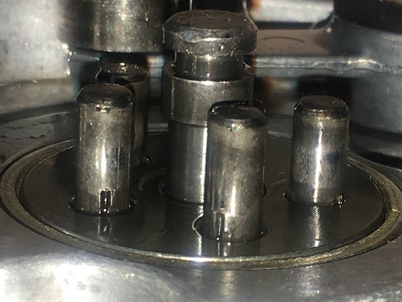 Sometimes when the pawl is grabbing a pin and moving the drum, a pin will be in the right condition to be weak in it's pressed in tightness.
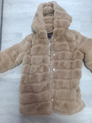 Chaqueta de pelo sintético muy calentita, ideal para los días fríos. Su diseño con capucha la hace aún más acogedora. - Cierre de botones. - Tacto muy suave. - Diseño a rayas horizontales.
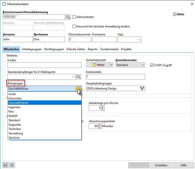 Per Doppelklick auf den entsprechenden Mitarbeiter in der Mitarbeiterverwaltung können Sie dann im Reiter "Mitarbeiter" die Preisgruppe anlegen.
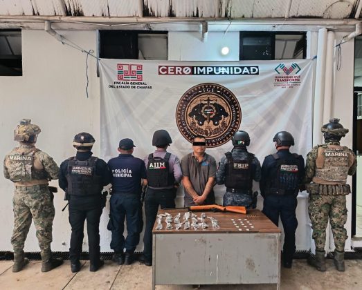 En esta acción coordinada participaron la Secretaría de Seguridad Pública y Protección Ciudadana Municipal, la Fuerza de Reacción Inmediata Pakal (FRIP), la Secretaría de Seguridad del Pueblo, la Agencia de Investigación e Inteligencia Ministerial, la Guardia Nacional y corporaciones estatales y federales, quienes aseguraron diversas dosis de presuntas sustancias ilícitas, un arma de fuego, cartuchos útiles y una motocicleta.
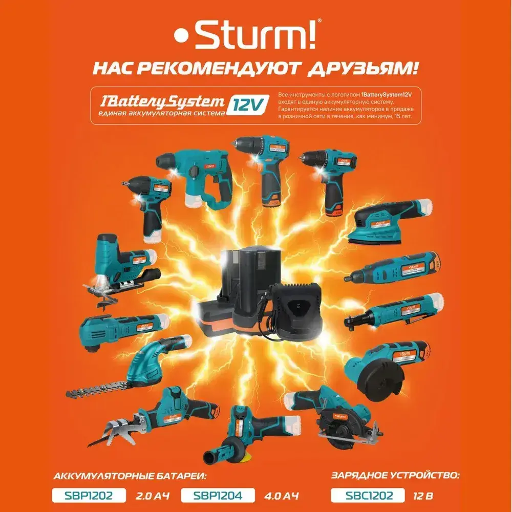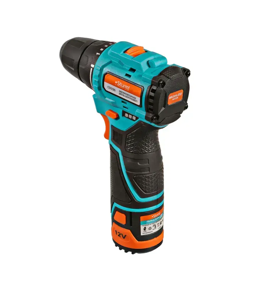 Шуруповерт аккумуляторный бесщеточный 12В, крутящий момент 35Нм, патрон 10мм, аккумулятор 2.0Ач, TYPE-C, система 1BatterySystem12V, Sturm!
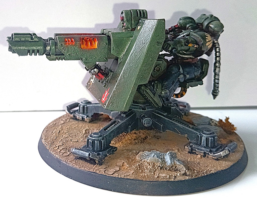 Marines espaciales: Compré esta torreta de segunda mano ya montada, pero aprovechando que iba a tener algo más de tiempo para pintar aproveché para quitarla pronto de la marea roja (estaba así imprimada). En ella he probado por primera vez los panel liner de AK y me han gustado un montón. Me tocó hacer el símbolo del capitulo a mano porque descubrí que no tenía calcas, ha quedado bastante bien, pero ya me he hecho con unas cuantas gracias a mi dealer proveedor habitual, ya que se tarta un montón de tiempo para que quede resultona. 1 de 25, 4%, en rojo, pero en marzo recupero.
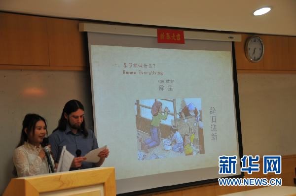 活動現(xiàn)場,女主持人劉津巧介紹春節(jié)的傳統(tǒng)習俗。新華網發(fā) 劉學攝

════

> **The task**
Reproduce all the entries above exactly. Include no images.

> **Written solution**
 Sometimes when the pawl is grabbing a pin and moving the drum, a pin will be in the right condition to be weak in it's pressed in tightness.
 Chaqueta de pelo sintético muy calentita, ideal para los días fríos. Su diseño con capucha la hace aún más acogedora. - Cierre de botones. - Tacto muy suave. - Diseño a rayas horizontales.
 Per Doppelklick auf den entsprechenden Mitarbeiter in der Mitarbeiterverwaltung können Sie dann im Reiter "Mitarbeiter" die Preisgruppe anlegen.
 En esta acción coordinada participaron la Secretaría de Seguridad Pública y Protección Ciudadana Municipal, la Fuerza de Reacción Inmediata Pakal (FRIP), la Secretaría de Seguridad del Pueblo, la Agencia de Investigación e Inteligencia Ministerial, la Guardia Nacional y corporaciones estatales y federales, quienes aseguraron diversas dosis de presuntas sustancias ilícitas, un arma de fuego, cartuchos útiles y una motocicleta.
 Шуруповерт аккумуляторный бесщеточный 12В, крутящий момент 35Нм, патрон 10мм, аккумулятор 2.0Ач, TYPE-C, система 1BatterySystem12V, Sturm!
 Marines espaciales: Compré esta torreta de segunda mano ya montada, pero aprovechando que iba a tener algo más de tiempo para pintar aproveché para quitarla pronto de la marea roja (estaba así imprimada). En ella he probado por primera vez los panel liner de AK y me han gustado un montón. Me tocó hacer el símbolo del capitulo a mano porque descubrí que no tenía calcas, ha quedado bastante bien, pero ya me he hecho con unas cuantas gracias a mi dealer proveedor habitual, ya que se tarta un montón de tiempo para que quede resultona. 1 de 25, 4%, en rojo, pero en marzo recupero.
 活動現(xiàn)場,女主持人劉津巧介紹春節(jié)的傳統(tǒng)習俗。新華網發(fā) 劉學攝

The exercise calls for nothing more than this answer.